Word for word, print each line of the listing below; pictures stay out.

─── Recorded information

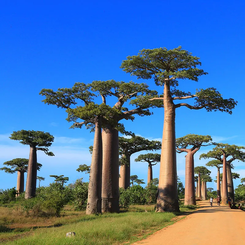 Madagascar – hòn đảo lớn thứ tư thế giới nằm tách biệt tại đông nam châu Phi – từ lâu đã nổi tiếng với hệ sinh thái đặc hữu không thể tìm thấy ở bất kỳ nơi nào khác. Nổi bật giữa bức tranh thiên nhiên hoang dã và đa dạng sinh học ấy chính là cây Baobab, những "gã khổng lồ" sừng sững vươn mình lên nền trời. Với thân hình phình to như chiếc bình nước khổng lồ và tán lá tựa như bộ rễ cắm ngược, Baobab không chỉ là một loài thực vật mà đã trở thành linh hồn, bản sắc và biểu tượng quyến rũ nhất của quốc đảo này.
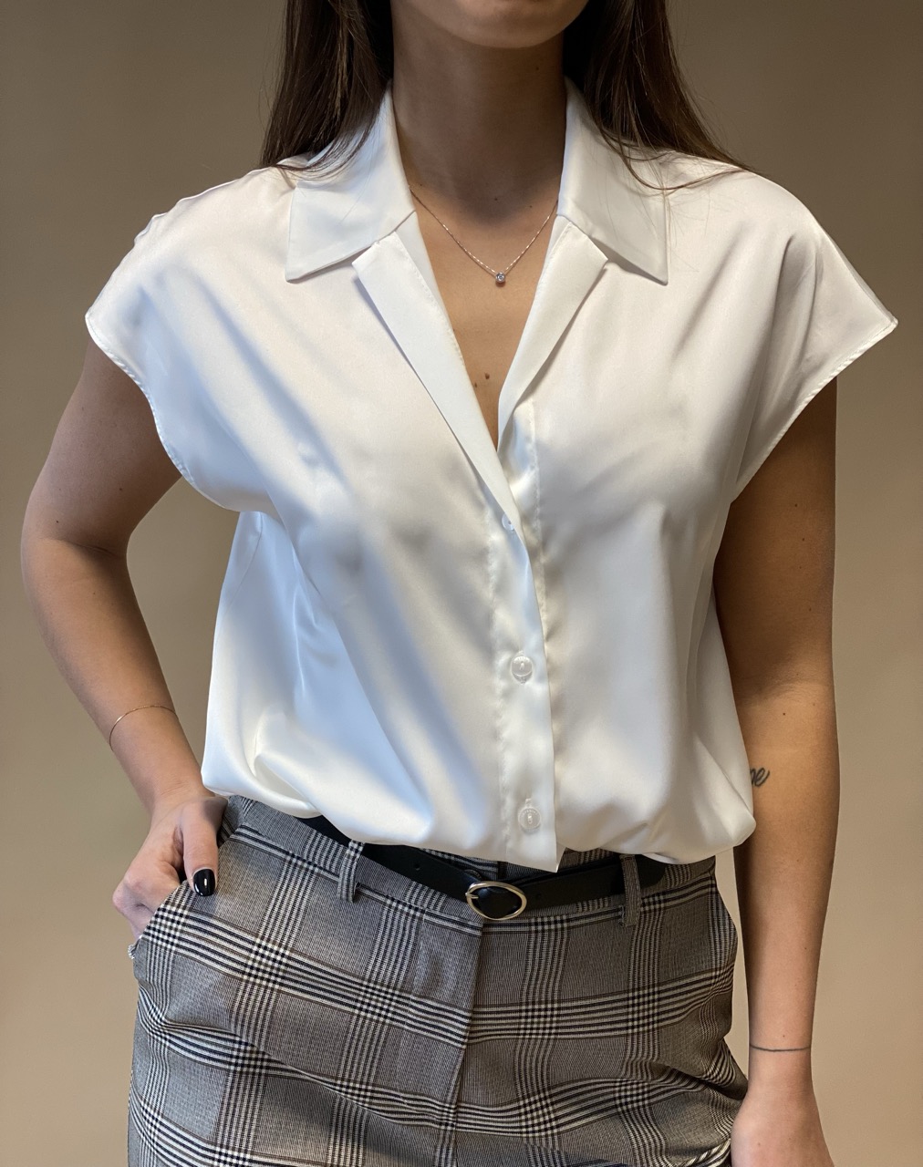Camicia IMPERIAL effetto raso con coletto e bottoncini come chiusura.
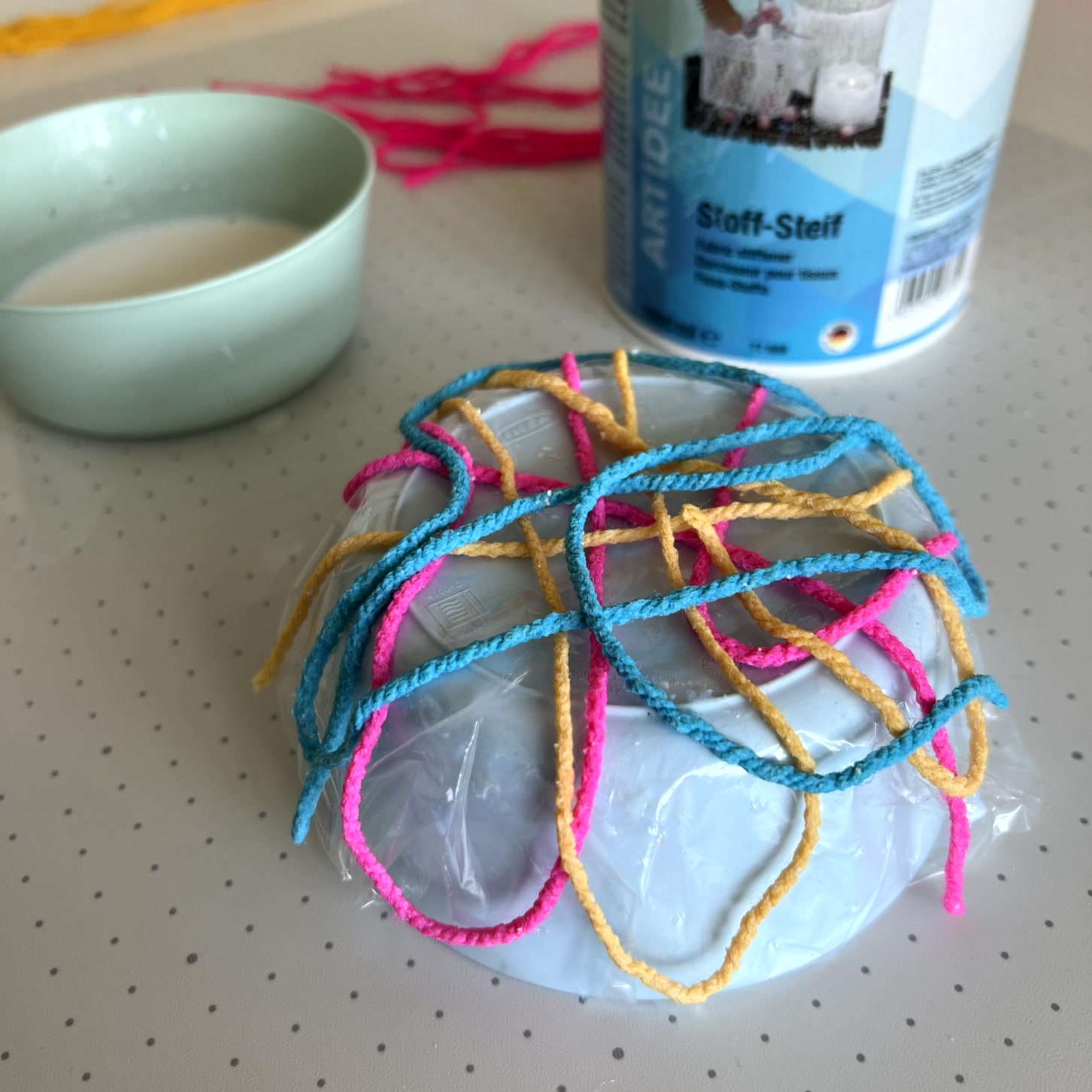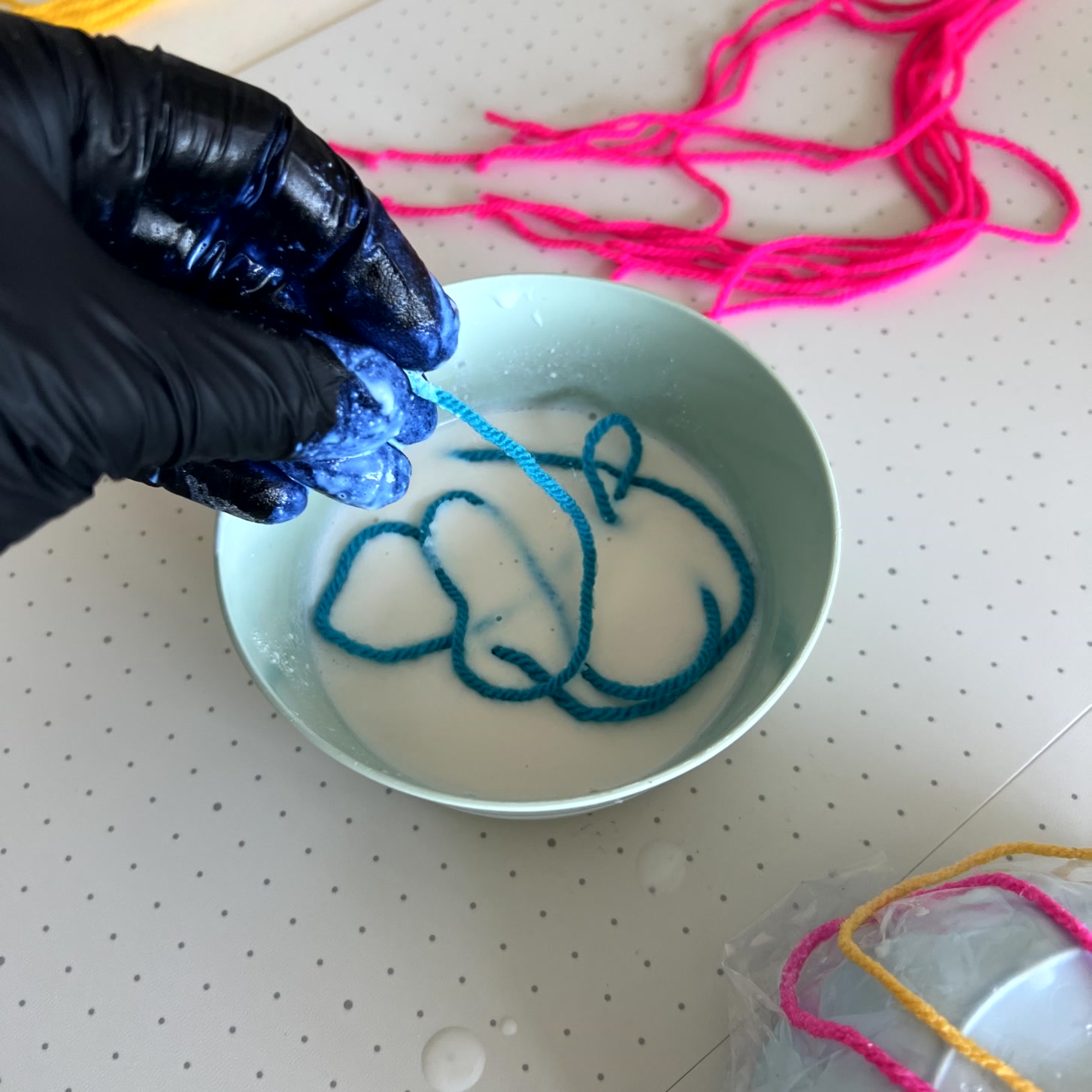 Die Garnstücke werden einzeln in das Stoff-Steif-Bad getaucht, leicht ausgedrückt und nochmals eingetaucht. So kann sich die Flüssigkeit vollständig im Garn verteilen. Wichtig: Handschuhe tragen und für gute Belüftung im Raum sorgen!

──────

- Your response -
 Madagascar – hòn đảo lớn thứ tư thế giới nằm tách biệt tại đông nam châu Phi – từ lâu đã nổi tiếng với hệ sinh thái đặc hữu không thể tìm thấy ở bất kỳ nơi nào khác. Nổi bật giữa bức tranh thiên nhiên hoang dã và đa dạng sinh học ấy chính là cây Baobab, những "gã khổng lồ" sừng sững vươn mình lên nền trời. Với thân hình phình to như chiếc bình nước khổng lồ và tán lá tựa như bộ rễ cắm ngược, Baobab không chỉ là một loài thực vật mà đã trở thành linh hồn, bản sắc và biểu tượng quyến rũ nhất của quốc đảo này.
Camicia IMPERIAL effetto raso con coletto e bottoncini come chiusura.
 Die Garnstücke werden einzeln in das Stoff-Steif-Bad getaucht, leicht ausgedrückt und nochmals eingetaucht. So kann sich die Flüssigkeit vollständig im Garn verteilen. Wichtig: Handschuhe tragen und für gute Belüftung im Raum sorgen!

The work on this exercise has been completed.